>>>>

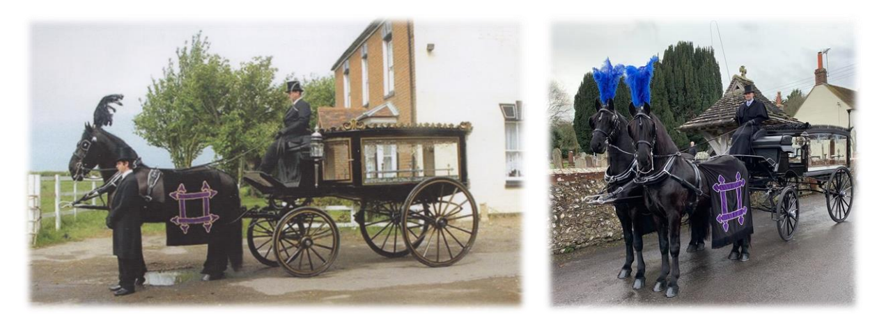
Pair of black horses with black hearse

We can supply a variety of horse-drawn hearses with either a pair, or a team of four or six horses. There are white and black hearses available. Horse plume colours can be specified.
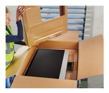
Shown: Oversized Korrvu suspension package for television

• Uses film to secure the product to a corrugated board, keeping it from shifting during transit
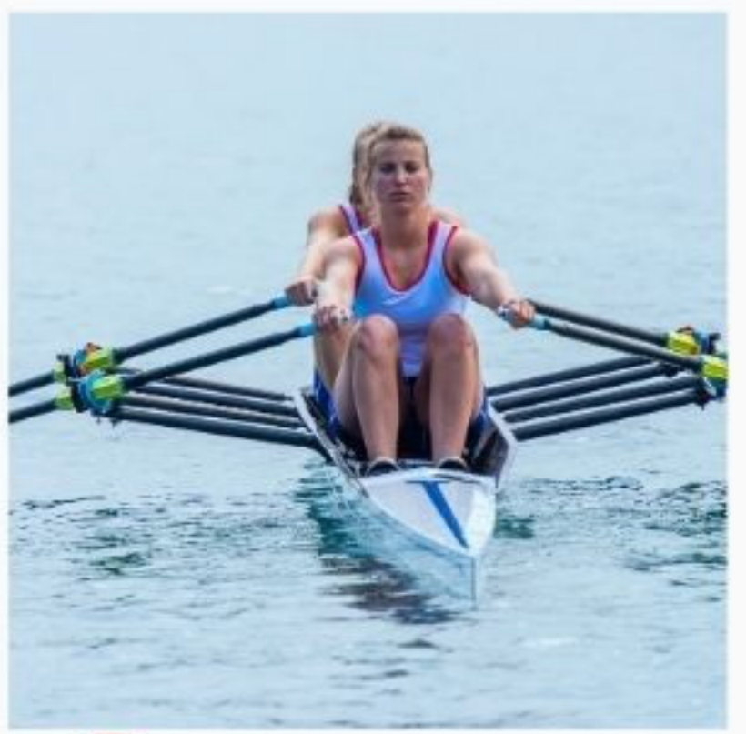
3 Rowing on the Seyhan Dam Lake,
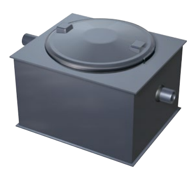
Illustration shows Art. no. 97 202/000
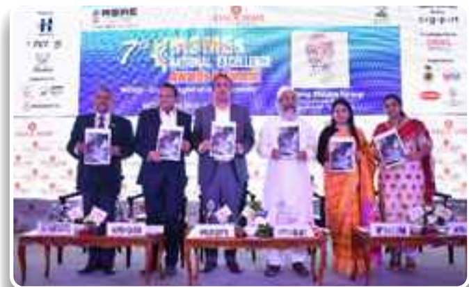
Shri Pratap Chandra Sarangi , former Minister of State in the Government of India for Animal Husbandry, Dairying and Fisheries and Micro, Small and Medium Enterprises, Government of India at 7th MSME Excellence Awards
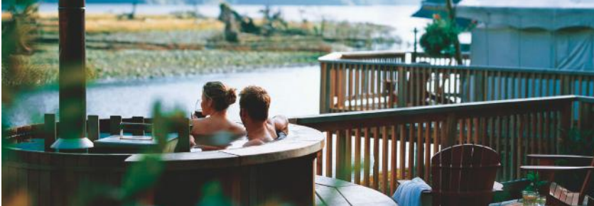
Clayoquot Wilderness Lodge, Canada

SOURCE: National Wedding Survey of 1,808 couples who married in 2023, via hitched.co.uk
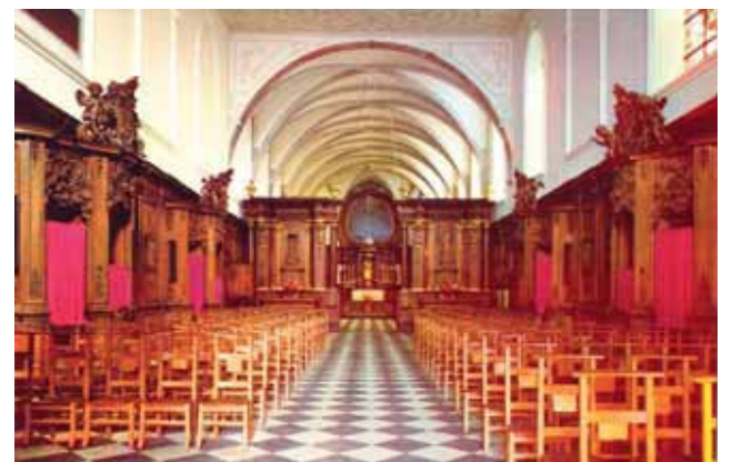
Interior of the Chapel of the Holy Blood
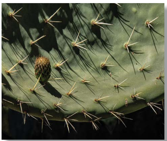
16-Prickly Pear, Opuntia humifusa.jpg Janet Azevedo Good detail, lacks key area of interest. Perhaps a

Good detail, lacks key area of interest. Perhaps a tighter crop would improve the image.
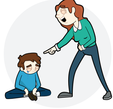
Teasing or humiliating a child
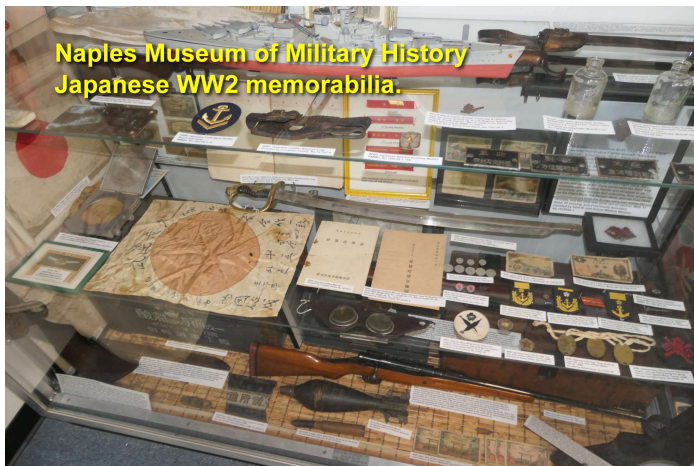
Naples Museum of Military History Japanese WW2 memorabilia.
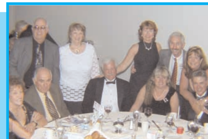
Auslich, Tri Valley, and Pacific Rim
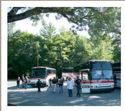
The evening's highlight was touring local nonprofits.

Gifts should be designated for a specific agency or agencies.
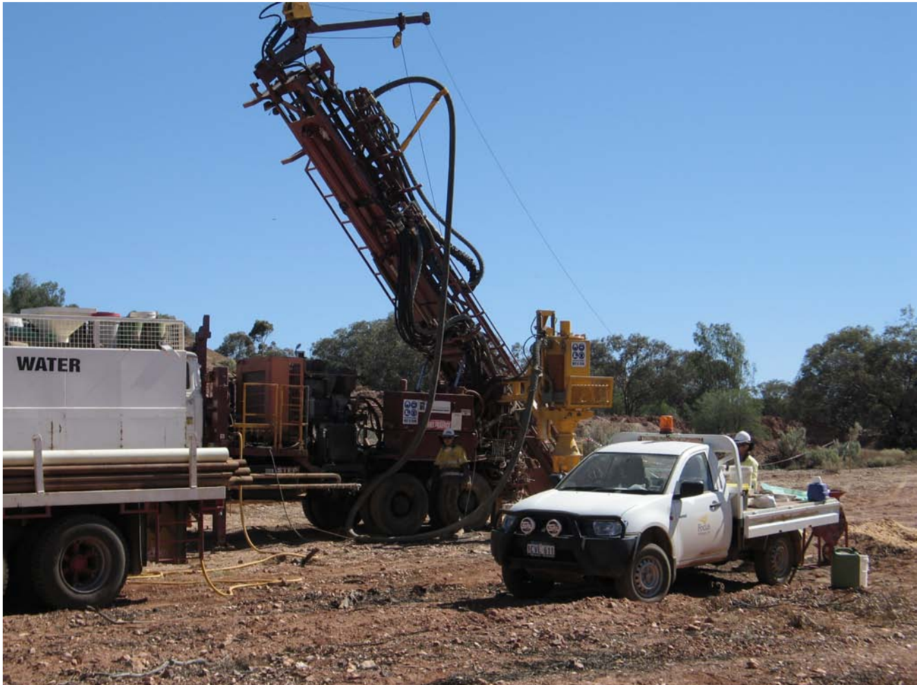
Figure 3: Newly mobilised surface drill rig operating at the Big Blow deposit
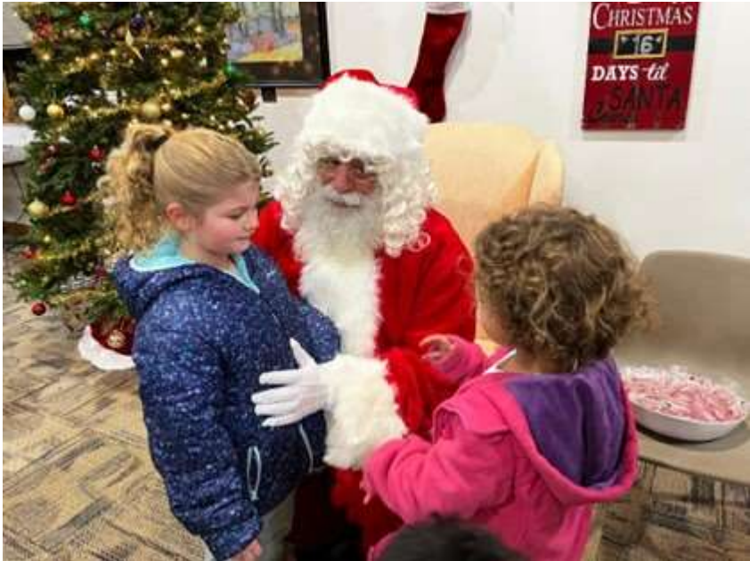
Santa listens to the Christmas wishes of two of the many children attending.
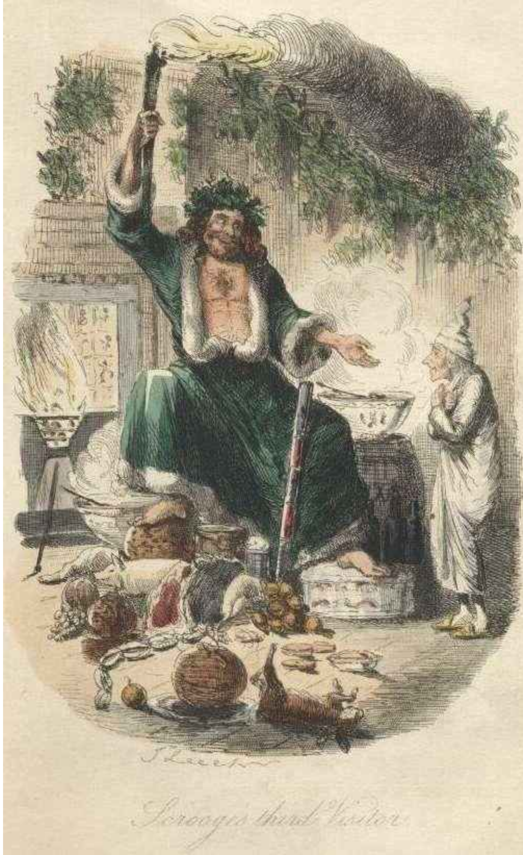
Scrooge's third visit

<<<<

Starting at the line that contains "Santa listens to" and ending with the last line of the data, transcribe every line exactly; skip the pictures.

Santa listens to the Christmas wishes of two of the many children attending.
Scrooge's third visit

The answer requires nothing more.